Task to complete:
Once the pictures are removed, restate the listing word for word.

*** Data provided Section Begins ***

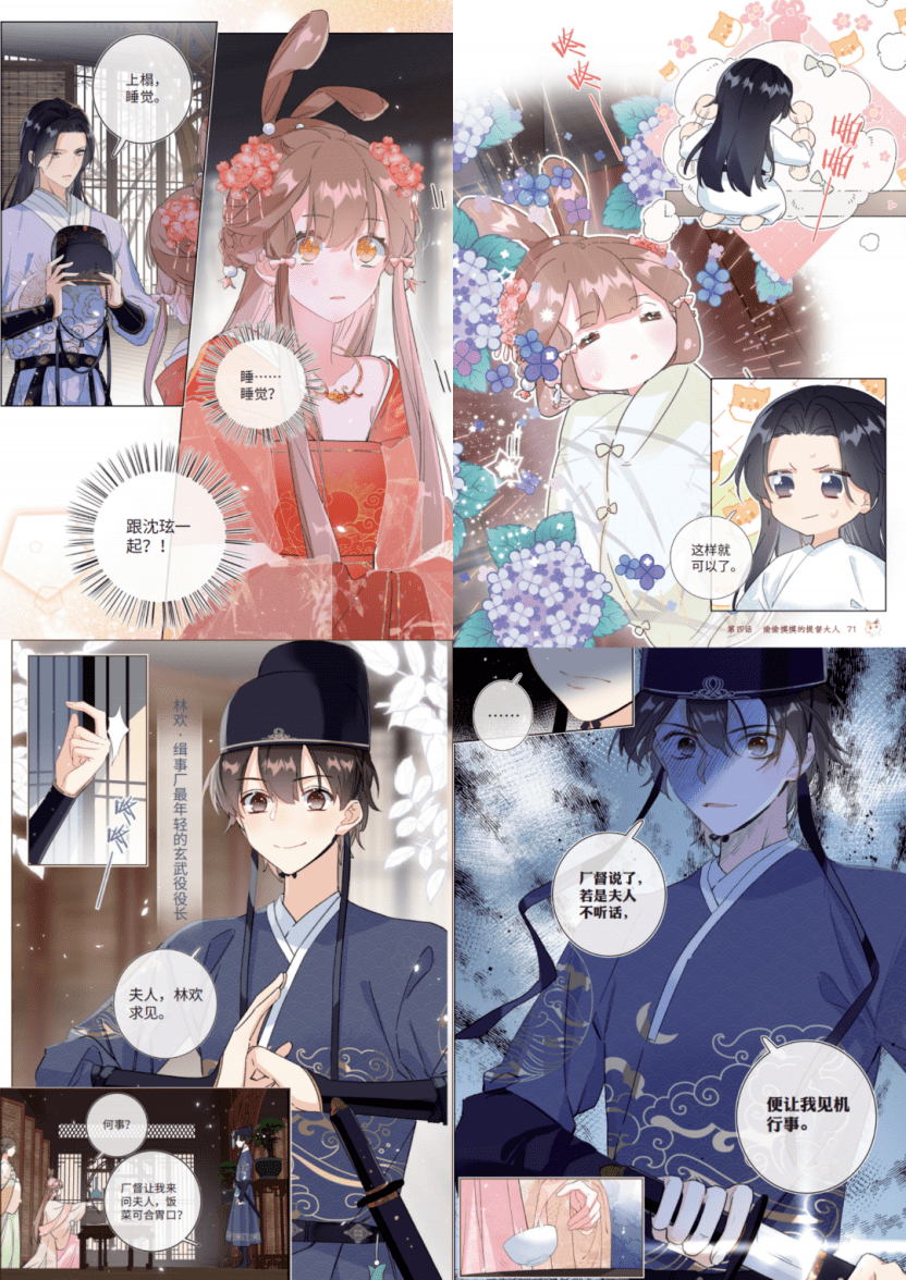 沈玹安排缉事厂最年轻的玄武役役长林欢带长宁熟悉环境,没想到长宁在寻找爱宠琥珀的时候意外听到沈玹他们在议事,但沈玹并没有做什么只是让林欢跟着长宁。为了“不被灭口,保住小命”长宁主动搬到下人房,远离沈玹。
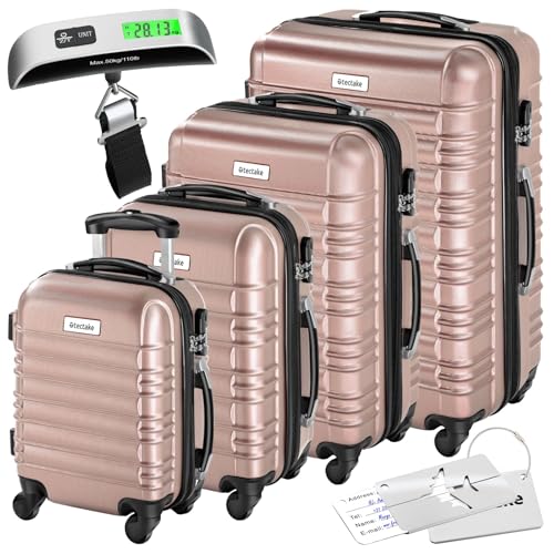 tectake® Resväska Set: 4 Hårda Resväskor Med Hjul, 360° Roterande Hjul, Kombinationslås, Förstärkta Hörn, Bagagevåg, Bagagetaggar, Handbagage Väska - Roséguld
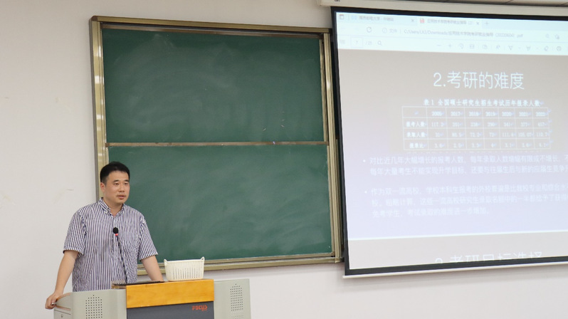 针对考研,张书记主要从四个方面给同学们展开指导。一是从同学们普遍关注的问题出发,指导同学们科学评估自身情况,理性分析考试难度,平衡好考研和就业的目标选择。二是针对接下来暑假的学习安排,详细指导了考研公共课和专业课的复习规划,提出了分阶段重点要完成的复习与学习任务。三是对考研复习的具体方法和学习平台选择进行相关介绍和指导。四是详细布置了近期同学们需要完成的任务和学院接下来持续到今年年底的支持工作计划。张书记鼓励同学们既要有慎重的考虑,也要有加油干的志气,期待一起努力获得2023年研究生入学考试的更好成绩!

*** Data provided Section Ends ***

Result of the exercise:
 沈玹安排缉事厂最年轻的玄武役役长林欢带长宁熟悉环境,没想到长宁在寻找爱宠琥珀的时候意外听到沈玹他们在议事,但沈玹并没有做什么只是让林欢跟着长宁。为了“不被灭口,保住小命”长宁主动搬到下人房,远离沈玹。
 tectake® Resväska Set: 4 Hårda Resväskor Med Hjul, 360° Roterande Hjul, Kombinationslås, Förstärkta Hörn, Bagagevåg, Bagagetaggar, Handbagage Väska - Roséguld
 针对考研,张书记主要从四个方面给同学们展开指导。一是从同学们普遍关注的问题出发,指导同学们科学评估自身情况,理性分析考试难度,平衡好考研和就业的目标选择。二是针对接下来暑假的学习安排,详细指导了考研公共课和专业课的复习规划,提出了分阶段重点要完成的复习与学习任务。三是对考研复习的具体方法和学习平台选择进行相关介绍和指导。四是详细布置了近期同学们需要完成的任务和学院接下来持续到今年年底的支持工作计划。张书记鼓励同学们既要有慎重的考虑,也要有加油干的志气,期待一起努力获得2023年研究生入学考试的更好成绩!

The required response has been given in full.